CREATE TABLE book_parts (
    ......
    content blob default NULL,
    ......
)

In PHP, use gzcompress and gzuncompress.

在 PHP 中,使用 gzcompress 和 gzuncompress。

$content = '......';
$query = sprintf("replace into book_parts(content) values('%s') ",
        mysql_escape_string(gzcompress($content)) );
mysql_query($query); 


$query = "select * from book_parts where id = 111 ";
$result = mysql_query($query);
if ($result && $row = mysql_fetch_assoc($result))
    $content = gzuncompress($row['content']);

回答by Devart

You may also want to use a COMPRESS option to enable compression of packets. Read some information about this option:

您可能还想使用 COMPRESS 选项来启用数据包压缩。阅读有关此选项的一些信息:

For PHP I have found this - MYSQLI_CLIENT_COMPRESS for mysqli_real_connect function.

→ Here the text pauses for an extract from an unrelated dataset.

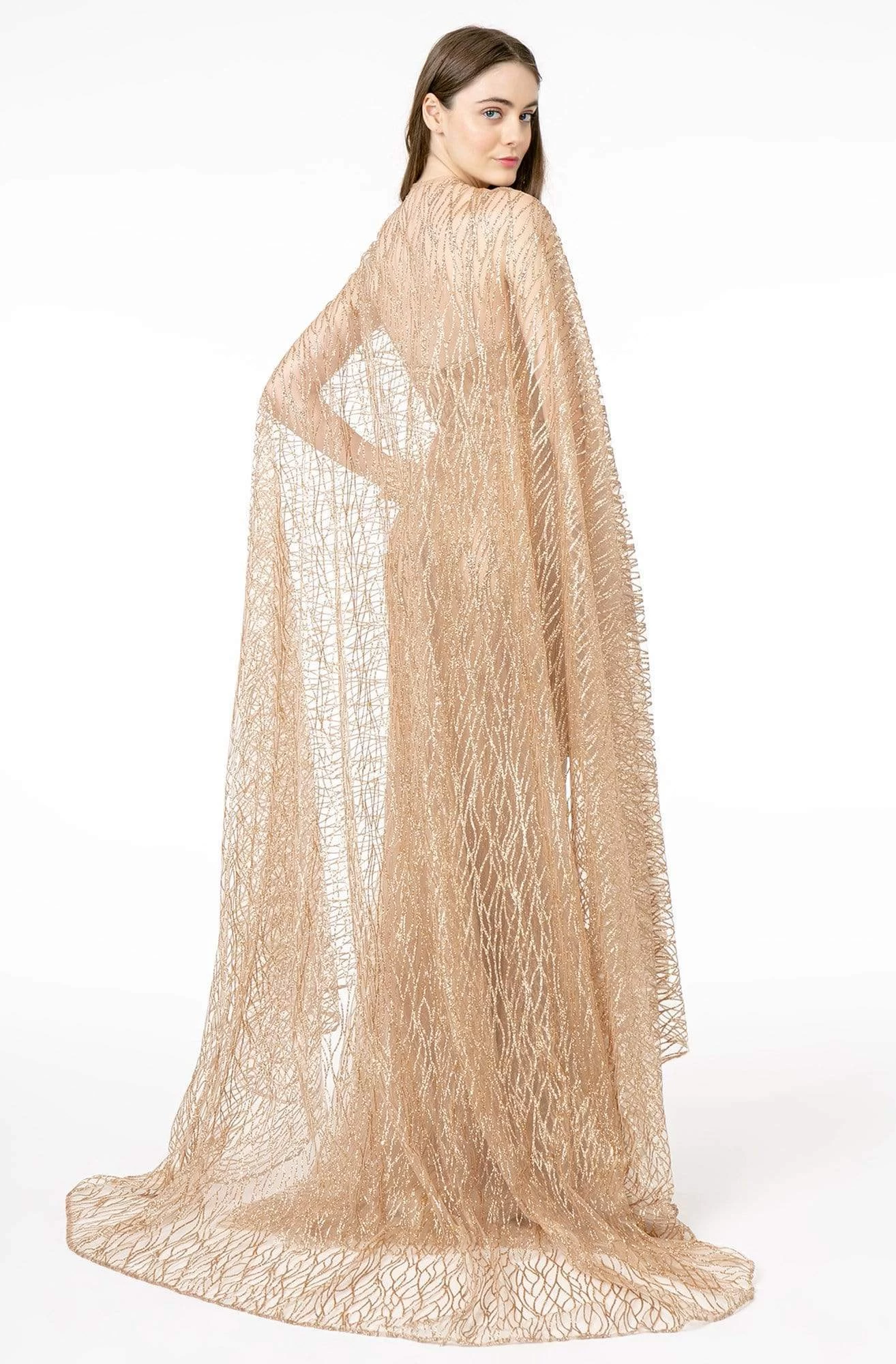| Details: | Sheer Floor Length Cape, Jewel and Glitter Embellishments, Fitted, Mid-Open Back, Back Zipper Closure, Sweep Train |

对于 PHP,我发现了这个 -用于 mysqli_real_connect 函数的 MYSQLI_CLIENT_COMPRESS

回答by user447951

You could use php functions gzdeflate and gzinflate for text.

您可以将 php 函数 gzdeflate 和 gzinflate 用于文本。

回答by ajreal

There are no benefits in compressing large texts into a database.

将大文本压缩到数据库中没有任何好处。

Here are the problems you might face in the long run:

从长远来看,您可能会遇到以下问题:

  • If the server crashes the data may be hard to recover.
  • Not ideal for search.
  • It takes additional time to transfer the data between the mysql server and the browser.
  • Time consuming for backup (not using replication).
  • 如果服务器崩溃,数据可能很难恢复。
  • 不适合搜索。
  • 在 mysql 服务器和浏览器之间传输数据需要额外的时间。
  • 备份耗时(不使用复制)。

I think storing these large texts into a disk file will be easier for:

我认为将这些大文本存储到磁盘文件中会更容易:

  • Distributed backup (rsync).
  • PHP to handle file upload.
  • 分布式备份(rsync)。
  • PHP 处理文件上传。